Claire Fuller wins debut-novel Desmond Elliott Prize
Our Endless Numbered Days by Claire Fuller has won this year's Desmond Elliott Prize for first novels.
The story, about a father who keeps his daughter captive in the wilderness, under the pretence they are the last people alive on Earth, was described by judges as "shocking and subtle".
The shortlist also featured Elizabeth is Missing by Emma Healey and A Song for Issy Bradley by Carys Bray.
Fuller was awarded a cheque for £10,000 along with the prize.
Louise Doughty, who chaired the judging panel, said: "Our Endless Numbered Days is both shocking and subtle, brilliant and beautiful, a poised and elegant work that recalls the early work of Ian McEwan in the delicacy of its prose and the way that this is combined with some very dark undertones."
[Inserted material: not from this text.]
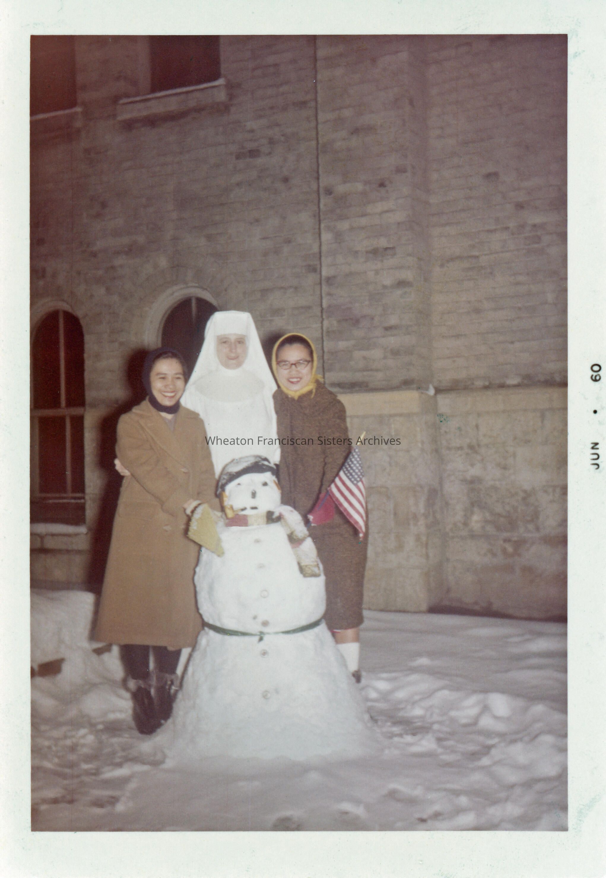 The House of Providence located at 1121 North Orleans Street in Chicago, Illinois. This image features Sister Norberta (Bernard) Windolph building a snowman with two unidentified women.

Presenting the award, she called for UK publishers to offer support for debut novelists, far beyond their first books.
She said: "Ian Rankin and Hilary Mantel both wrote for years before making the big time with sales.
"Ian Rankin famously succeeded with his seventh novel - and Hilary Mantel wrote brilliant, strange and wonderful books time and time again before Wolf Hall, her 10th.
"I call on the publishers of all the books on our wonderful shortlist to support these writers not only with their sparkling debuts but with their fourth, fifth, sixth novels.
"Short-termism in publishing is not only devastating for the authors who don't get the support they deserve, it's bad for business."
Fuller originally studied sculpture at Winchester School of Art before running her own marketing company for 23 years.
She began writing fiction in her 40s and belongs to a club of authors who have published their debut books in their 40s or later, called The Prime Writers.
The prize is presented in the name of the late publisher and literary agent Desmond Elliott.
Last year's winner was Eimear McBride for A Girl is a Half-formed Thing.